Утром молочница не застала дома троих постоянных покупателей. На базар было идти уже поздно, и, взвалив бидон на плечи, она отправилась по квартирам. Она ходила долго без толку и наконец остановилась возле дачи, где жил Тимур. За забором она услышала густой приятный голос: кто‑ то негромко пел. Значит, хозяева были дома, и здесь можно было ожидать удачи. Пройдя через калитку, старуха нараспев закричала: – Молока не надо ли, молока? – Две кружки! – раздался в ответ басистый голос. Скинув с плеча бидон, молочница обернулась и увидела выходящего из кустов косматого, одетого в лохмотья хромоногого старика, который держал в руке кривую обнаженную саблю. – Я, батюшка, говорю, молочка не надо ли? – оробев и попятившись, предложила молочница. – Экий ты, отец мой, с виду серьезный! Ты что ж это, саблей траву косишь? – Две кружки. Посуда на столе, – коротко ответил старик и воткнул саблю клинком в землю. – Ты бы, батюшка, купил косу, – торопливо наливая молоко в кувшин и опасливо поглядывая на старика, говорила молочница. – А саблю лучше брось. Этакой саблей простого человека и до смерти напугать можно. – Платить сколько? – засовывая руку в карман широченных штанов, спросил старик. – Как у людей, – ответила ему молочница. – По рубль сорок – всего два восемьдесят. Лишнего мне не надо. Старик пошарил и достал из кармана большой ободранный револьвер. – Я, батюшка, потом… – подхватывая бидон и поспешно удаляясь, заговорила молочница. – Ты, дорогой мой, не трудись! – прибавляя ходу и не переставая оборачиваться, продолжала она. – Мне, золотой, деньги не к спеху. Она выскочила за калитку, захлопнула ее и сердито с улицы закричала: – В больнице тебя, старого черта, держать надо, а не пускать по воле. Да, да! На замке, в больнице. Старик пожал плечами, сунул обратно в карман вынутую оттуда трешницу и тотчас же спрятал револьвер за спину, потому что в сад вошел пожилой джентльмен, доктор Ф. Г. Колокольчиков. С лицом сосредоточенным и серьезным, опираясь на палку, прямою, несколько деревянною походкой он шагал по песчаной аллее. Увидав чудно́ го старика, джентльмен кашлянул, поправил очки и спросил: – Не скажешь ли ты, любезный, где мне найти владельца этой дачи? – На этой даче живу я, – ответил старик. – В таком случае, – прикладывая руку к соломенной шляпе, продолжал джентльмен, – вы мне не скажете: не приходится ли вам некий мальчик, Тимур Га‑ раев, родственником?
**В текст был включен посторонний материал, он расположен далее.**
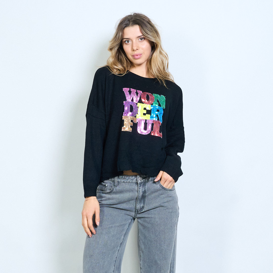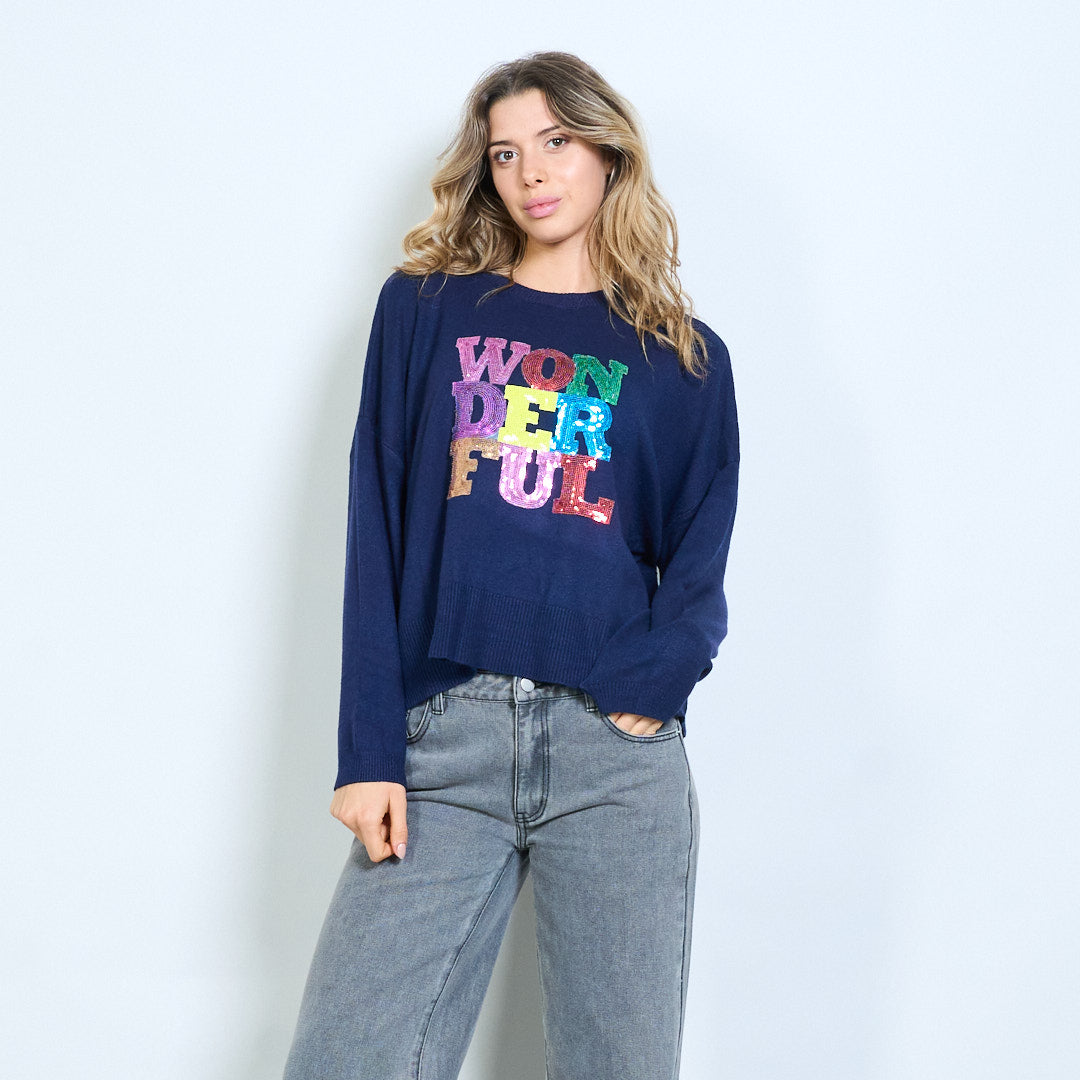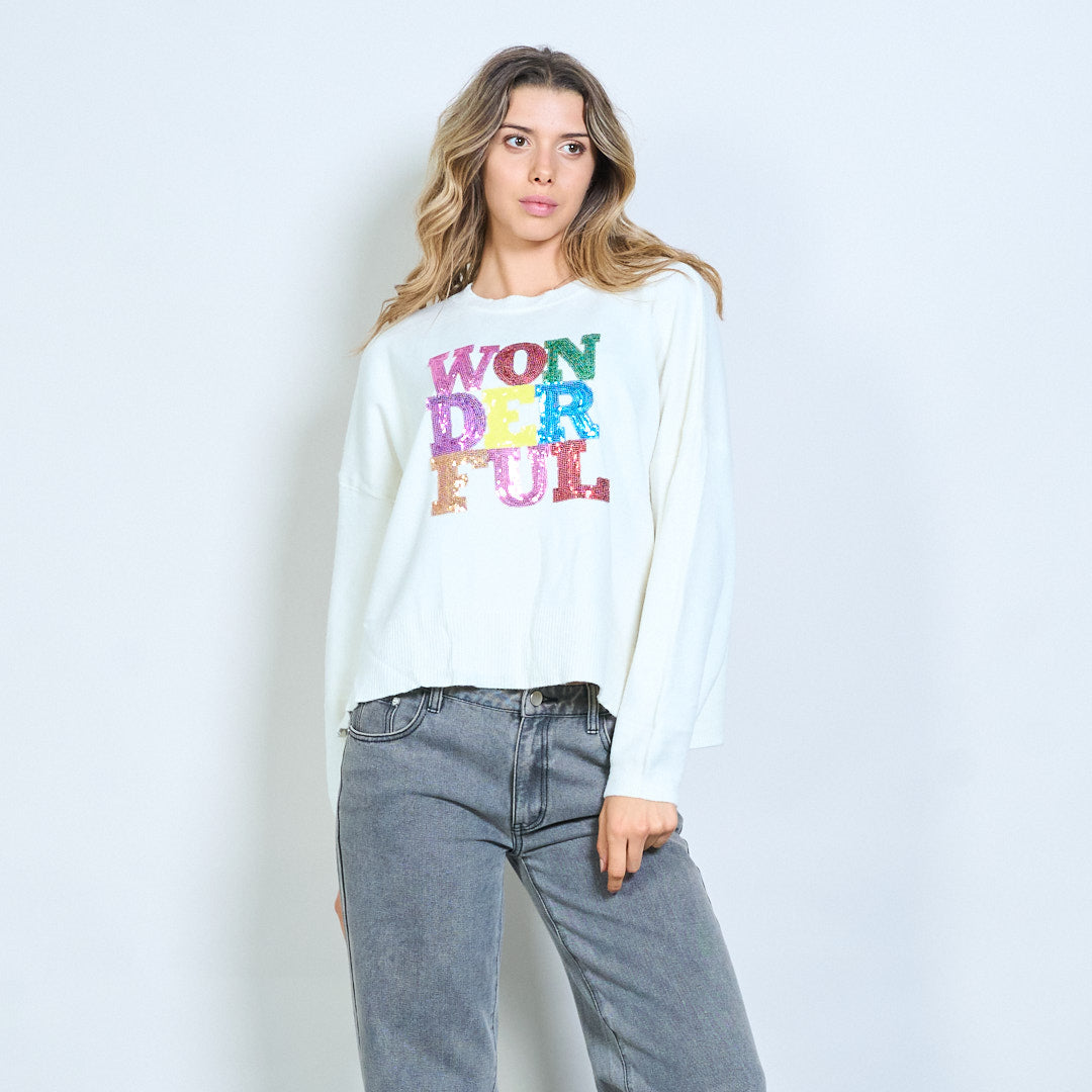 - Maglione girocollo con audace scritta grafica arcobaleno "Wonderful".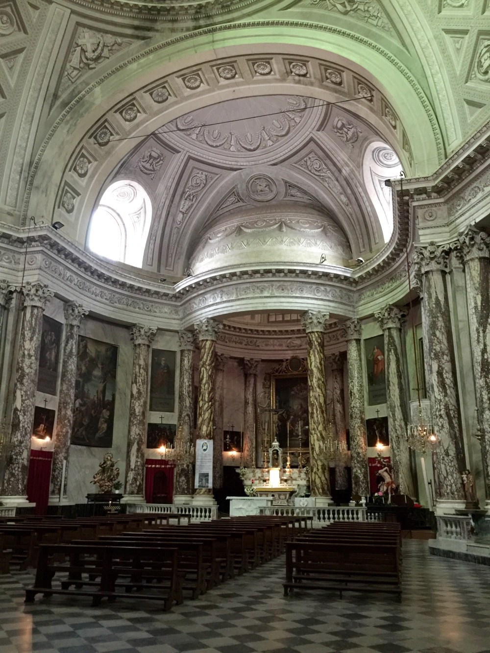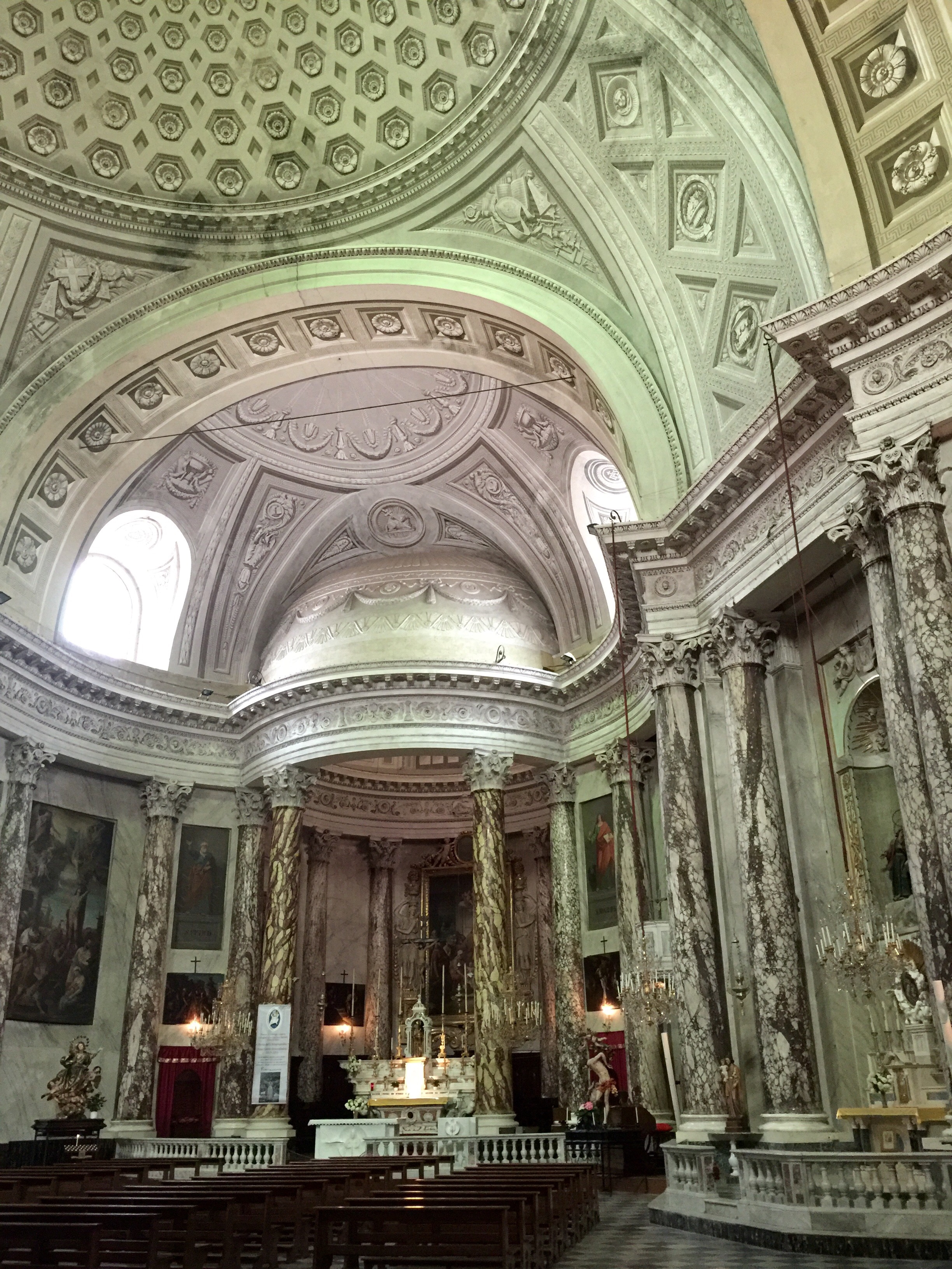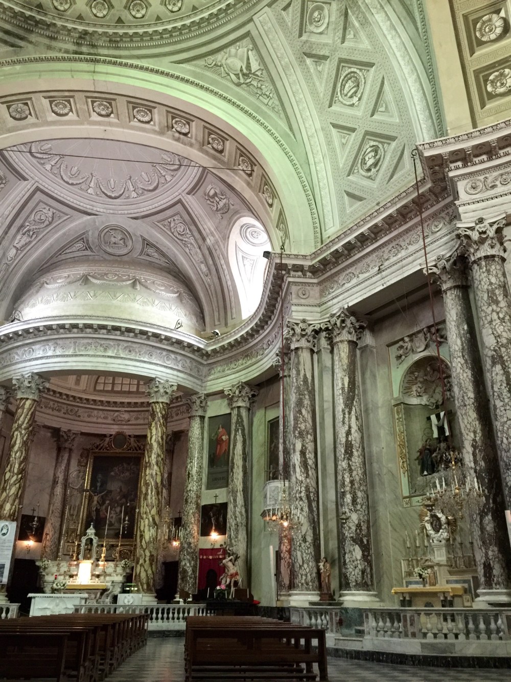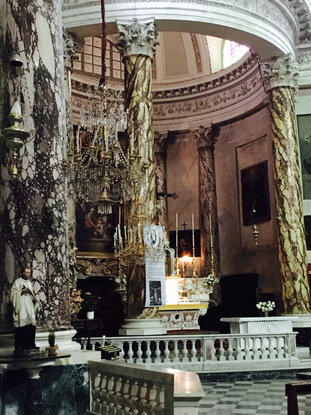 In 185 the church was compleaty knocked down which wasn’t very much appreciated by the people but necessary because it was destroyed but as we can see it was rebuilt. The church has famous sculptures and art works (Giulio Benso).

– Да, приходится, – ответил старик. – Этот некий мальчик – мой племянник. – Мне очень прискорбно, – откашливаясь и недоуменно косясь на торчавшую в земле саблю, начал джентльмен, – но ваш племянник сделал вчера утром попытку ограбить наш дом. – Что?! – изумился старик. – Мой Тимур хотел ваш дом ограбить? – Да, представьте! – заглядывая старику за спину и начиная волноваться, продолжал джентльмен. – Он сделал попытку во время моего сна похитить укрывавшее меня байковое одеяло. – Кто? Тимур вас ограбил? Похитил байковое одеяло? – растерялся старик. И спрятанная у него за спиной рука с револьвером невольно опустилась. Волнение овладело почтенным джентльменом, и, с достоинством пятясь к выходу, он заговорил: – Я, конечно, не утверждал бы, но факты… факты! Милостивый государь! Я вас прошу, вы ко мне не приближайтесь. Я, конечно, не знаю, чему приписать… Но ваш вид, ваше странное поведение… – Послушайте, – шагая к джентльмену, произнес старик, – но все это, очевидно, недоразумение. – Милостивый государь! – не спуская глаз с револьвера и не переставая пятиться, вскричал джентльмен. – Наш разговор принимает нежелательное и, я бы сказал, недостойное нашего возраста направление. Он выскочил за калитку и быстро пошел прочь, повторяя: – Нет, нет, нежелательное и недостойное направление… Старик подошел к калитке как раз в ту минуту, когда шедшая купаться Ольга поравнялась с взволнованным джентльменом. Тут вдруг старик замахал руками и закричал Ольге, чтобы она остановилась. Но джентльмен проворно, как козел, перепрыгнул через канаву, схватил Ольгу за руку, и оба они мгновенно скрылись за углом. Тогда старик расхохотался. Возбужденный и обрадованный, бойко притопывая своей деревяшкой, он пропел:
А вы и не поймете На быстром самолете, Как вас ожидала я до утренней зари. Да!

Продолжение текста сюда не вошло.